I won’t review the evidence in detail; the claims of both parties are readily available. But I would like to offer my thoughts on what the American Jewish community should be doing right now on Iran.
First: Prime Minister Benjamin Netanyahu is right on the substance, and American Jews should call for retaining all current sanctions and, if possible, stiffening them.
There are risks to stiffening the sanctions, as the administration has pointed out. But the risks of easing them are greater, without far more significant concessions than our government currently hopes to secure. Everyone talks of military options, but it is virtually impossible for any reasonable person to believe that such options still exist. American military action is highly unlikely; Israeli military action is more unlikely still.
Given these realities, a tough approach to sanctions is the only way to prevent the wily and radical Iranian regime from achieving a victory, both psychological and practical, in its march toward nuclear weapons. If the sanctions are prematurely weakened and then crumble, all is lost.
Second: American Jews need to tone down the inflammatory, near-hysterical rhetoric that is being used against the administration.
American Jewish leaders seem to be following the lead of those Israeli politicians who have preferred an angry, belligerent tone to a reasoned argument. Alan Dershowitz, writing in Haaretz, comes to conclusions that I agree with, but along the way accuses the Obama administration of contemplating a “Chamberlain moment.” The argument is that Chamberlain engaged in bad diplomacy and poor negotiations, and in the process, demonstrated weakness and, by implication, cowardice — and that Barack Obama is doing the same.
I think that this approach is neither correct nor helpful. The fact is that the administration is making a fairly compelling case, but one that is fatally flawed. American Jews need to make the opposite case, and that is best done by coolly marshaling evidence and demonstrating the extent to which American and Israeli interests overlap on Iran.
In addition, it is politically disastrous to use this tone. There is much sympathy for Israel in Congress, and much suspicion of Iranian intentions; it will be difficult to win support for a tough line on sanctions, but not impossible. Still, success will require support on both sides of the aisle. Backing for Israel in this case, as in all others, must be bipartisan, and Democrats will be far less likely to buck their president if they are hearing from Jewish leaders the same harsh attacks on Obama that they are hearing from their Republican counterparts.
Third: American Jews must tell Netanyahu that the actions of his government are undermining the case that he is trying to make on Iran in America.

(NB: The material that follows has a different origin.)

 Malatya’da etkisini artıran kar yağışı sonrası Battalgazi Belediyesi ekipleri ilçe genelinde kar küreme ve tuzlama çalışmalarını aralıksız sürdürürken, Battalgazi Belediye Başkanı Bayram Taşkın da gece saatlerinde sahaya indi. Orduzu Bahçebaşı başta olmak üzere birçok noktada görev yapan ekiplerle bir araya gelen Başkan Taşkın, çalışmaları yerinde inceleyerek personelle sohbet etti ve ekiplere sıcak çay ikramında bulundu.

Last Tuesday, the prime minister issued a statement halting a plan by his housing minister to explore settlement building in the West Bank because it was “an action that creates an unnecessary confrontation with the international community at a time when we are making an effort to persuade elements in the international community to reach a better deal with Iran.”

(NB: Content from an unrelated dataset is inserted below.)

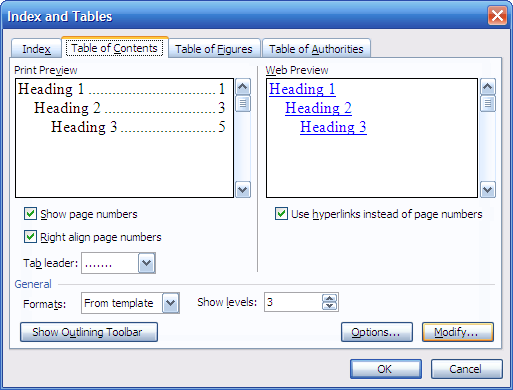 Once you’ve written the entire manual or report, perhaps it’s time to insert the table of contents. You can do this by using this combination — “Alt+I+N+D”. This will open up the following window:

Exactly so. But then, the very next day, Netanyahu said in the Knesset that thousands more homes would be built in Judea and Samaria, despite international pressure. And, of course, several major settlement building plans have been announced in recent months, in each case generating unfavorable headlines and drawing harsh criticism from the American government and the European Union.

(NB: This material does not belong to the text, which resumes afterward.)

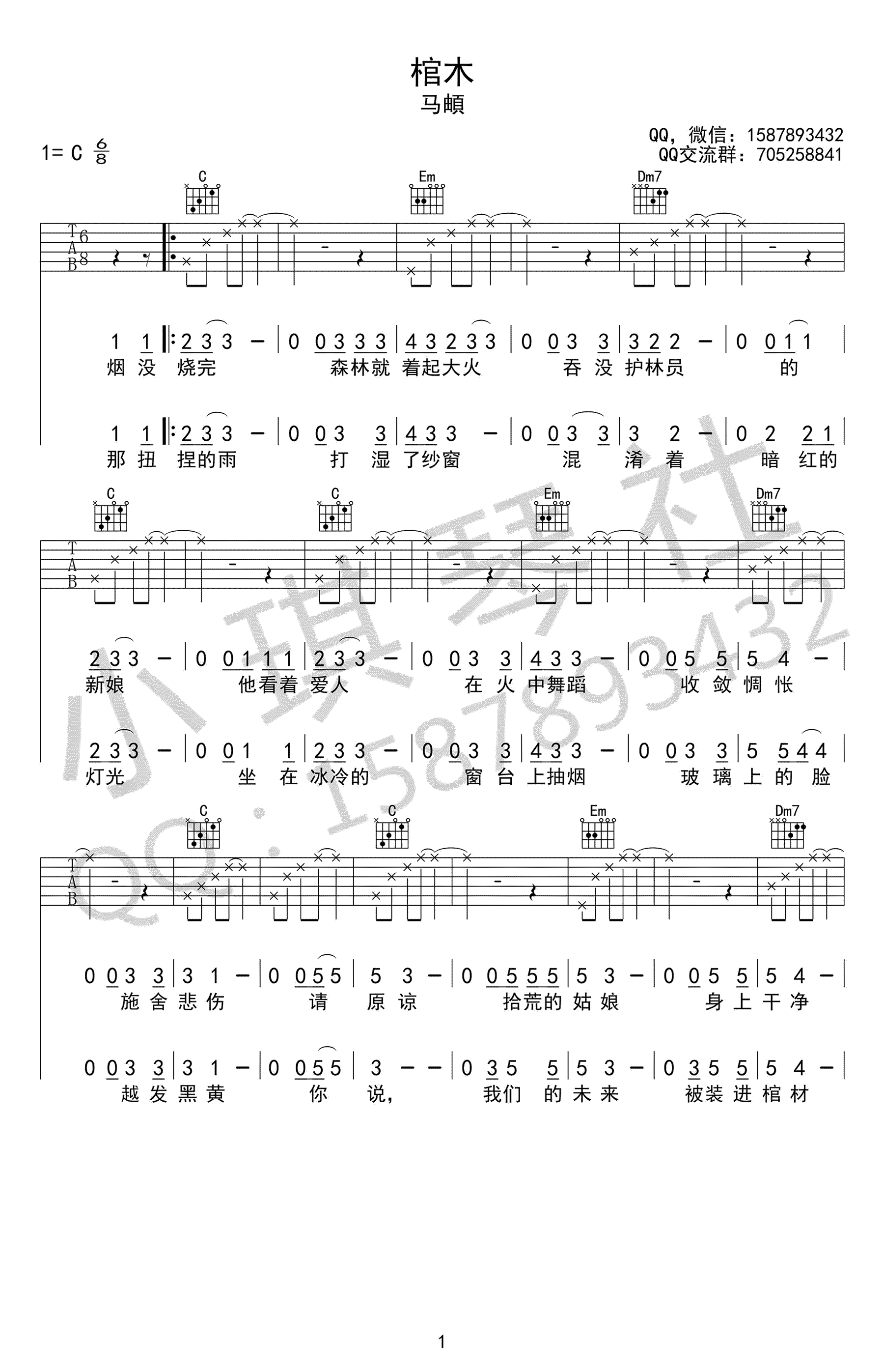 - 孟凡明《只只》吉他谱 C调六线谱 图片谱

To say the least, there is no logic whatever to what the prime minister is doing, other than the logic of narrow political advantage. If, as Netanyahu said, last week’s settlement initiative hurts Israel’s efforts on Iran, why isn’t this equally true for other settlement initiatives? If Iran is really Israel’s top priority, as it should be and as he says it is, why cannot settlement plans be set aside until the Iranian question is resolved? It does not help to insist that the two issues should not be related; in the real world, they are very much connected.
Netanyahu, who has done so much to win support in the world for his position on Iran, is allowing coalition-related considerations to undercut that support. As the battle over sanctions continues, this must stop.
Nonetheless, it is my first point that is most important. The danger is immediate. A nuclear Iran will destabilize the Mideast, alienate American allies in the region and decrease any chance of Israeli-Palestinian peace. To avoid this possibility, the sanctions must be maintained and toughened. And American Jews – left, right and center – should do all that they can to make that happen.